A prosthetic disc replacement should attempt to restore the natural curvature of the FSU. The ability of the disc to compress axially is fundamental to the load response and load-sharing function, so an artificial disc replacement must move in this dimension to act fully as a shock absorber. The concept of the next-generation design requires full replication of function. A biomechanical basis for an ideal prosthetic disc suggests that it must function in concert with the entire FSU, including the adjacent vertebral bodies, the surrounding ligaments, the facets, and the muscles. Additionally, it should replicate the viscoelasticity of the natural disc, responding with increasing stiffness at higher loads and higher rates of load application. It must compress axially, allowing changes in disc height required to respond to loads appropriately and naturally. It should also restore and maintain the proper angle of the spinal curve. Lastly, it should provide passive resistance to forces during motion.

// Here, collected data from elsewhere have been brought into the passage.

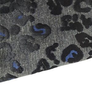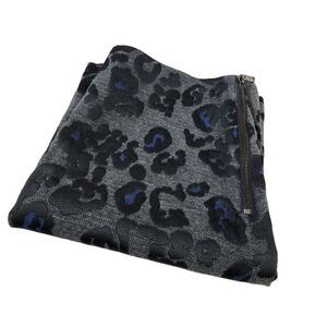 An Ann Taylor skirt made from modernist style blue / black floral on charcoal gray brocade fabric. Side zipper. The luxurious fabric is a 67% polyester, 14% acrylic, 10% silk, 7% wool, and 2% other fiber blend.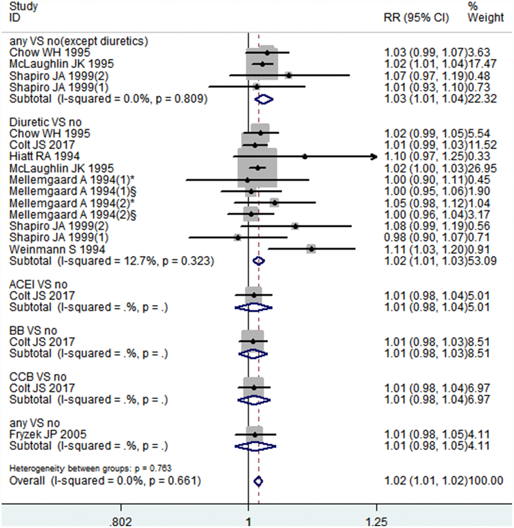 We used an RR with 95% CI to estimate the associations between each class of antihypertensive medications and bladder/kidney cancer risk. In order to explore whether gender, smoking, and hypertension affected this association, subgroup analyses were performed.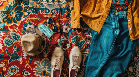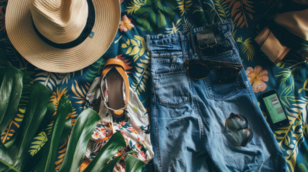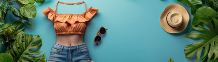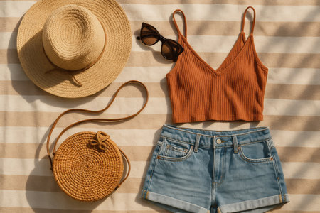 Flat lay of boho summer essentials featuring a straw hat, sunglasses, a knitted crop top, denim shorts, and a woven bag. perfect for showcasing trendy summer fashion with a natural and relaxed vibe. ideal for style inspiration.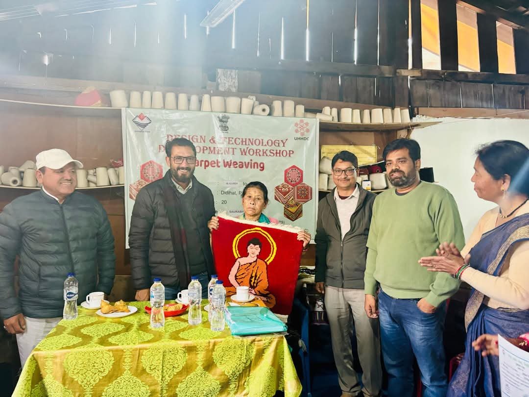 इस दौरान प्रबंधक जिला उद्योग केंद्र पंकज तिवारी ने बताया कि उक्त प्रशिक्षण कार्यकम विकास आयुक्त वस्त्र मंत्रालय भारत सरकार द्वारा प्रायोजित एवं यू०एच०एच०डी० उद्योग निदेशालय के सहयोग से आयोजित किया गया तथा *भारत सरकार मिनस्ट्री ऑफ कामर्स एण्ड। इंडस्ट्री (डीoपी०आई०आइ०टी0) द्वारा वुलन उत्पाद को एक जनपद एक उत्पाद योजना के अंतर्गत भारत सरकार द्वारा जनपद पिथौरागढ़ के लिए चयनित किया गया है।* कार्पेट प्रशिक्षण कार्यक्रम के दौरान 20 महिलाओं को प्रशिक्षण दिया गया जिसमें नये डिजाइन के कार्पेट, आसन, वॉल हेंगिग, योगा मेट आदि तैयार किए गए हैं।प्रशिक्षण डिजाईनर सौरव मिश्रा एवं मास्टरकाप्टमेन पूनम ग्वाल द्वारा प्रदान किया गया। समापन समारोह में पंकज चौहान, वरिष्ठ प्रशासनिक अधिकारी, रिचापाण्डे, सहायक प्रबन्धक एवं व्यवसायी दिवाकर पांगती आदि उपस्थित रहे।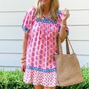 Old Navy Puff Sleeve Crafted Swing Mini Dress in Pink Floral Print XL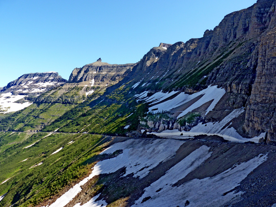 A view of the west side of the Continental Divide that holds the Highline Trail and Going to the Sun Road. The road had only opened on July 13th, latest open ever. The crews that open this road are incredible. This year they put up pics for us to see as they were making their way along the road as they start from both sides. It's really quite something.

To meet the aforementioned requirements, the implant must provide for short-term and long-term fixation. Short-term fixation is needed to allow for initial motion and preservation of biomechanics until long-term fixation is achieved. Long-term fixation, preferably by osteointegration, is required to maintain the motion and biomechanics and adapt to potential changes over time in bone and end-plate architecture. The fixation of the disc replacement to the bony end plates is also critical for the transmission of forces from one level to the next without creating artificial pathways of least resistance. These artificial pathways would have the propensity to become sites of wear between either the components of the disc replacement or the disc replacement and the vertebral body end plates.